Using dual-issue in Fermi

jayshenoy · March 9, 2012, 10:18am

Hello, I’m planning to benchmark a kernel. How do I do a dual-issue MAD and MUL?. I tried doing a MUL operation after MAD, but the GFLOP/s seems to decrease.
Is there a way I could somehow direct the instruction to SFU?

Thanks in advance

tera · March 9, 2012, 5:05pm

I don’t think compute capability 2.0 devices are capable of issuing a MUL to the special function units in parallel to a MAD on the FPUs/cores. This was a property of 1.x devices. Compute capability 2.1 devices of course can issue a MUL to their extra set of cores in parallel to a MAD.

You might have to play a bit with context, alignment, and operands due to limited register file bandwidth. I’ve got to admit I never tried myself in earnest as my algorithms usually have a MUL/ADD ratio of 1, not 2.

jayshenoy · March 9, 2012, 5:17pm

Yeah. According to this paper it’s possible in GT200 using Mathematical Intrinsics. I was wondering if there was something like that for Fermi?.

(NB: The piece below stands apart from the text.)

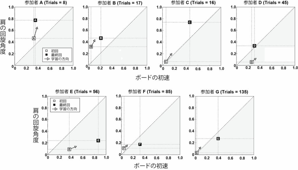 図3 7名の参加者のボードの初速と肩の回旋角度の関係を1回目と最終回の試行で表したもの.上段が比較的早く学習した人たちで,下段が学習に比較的時間を要した人たち.対角線よりも上は肩の回旋が初速よりも大きいこと,下は初速の方が肩の回旋よりも大きいことを示します.

Michael_H1 · March 10, 2012, 9:53pm

Isn’t the dual issue to two different warps ?
You seem to be thinking dual issueing like a CPU superscalar processor…

tera · March 10, 2012, 10:42pm

Yes, that is indeed what we are thinking. The two schedulers issuing instructions from two independent warps come on top of that, for (theoretically) up to 4 instructions issued in parallel per SM.

I’m not aware though that this has really been demonstrated on GF100, but both GT200 and GF104 are capable of this kind of dual-issue.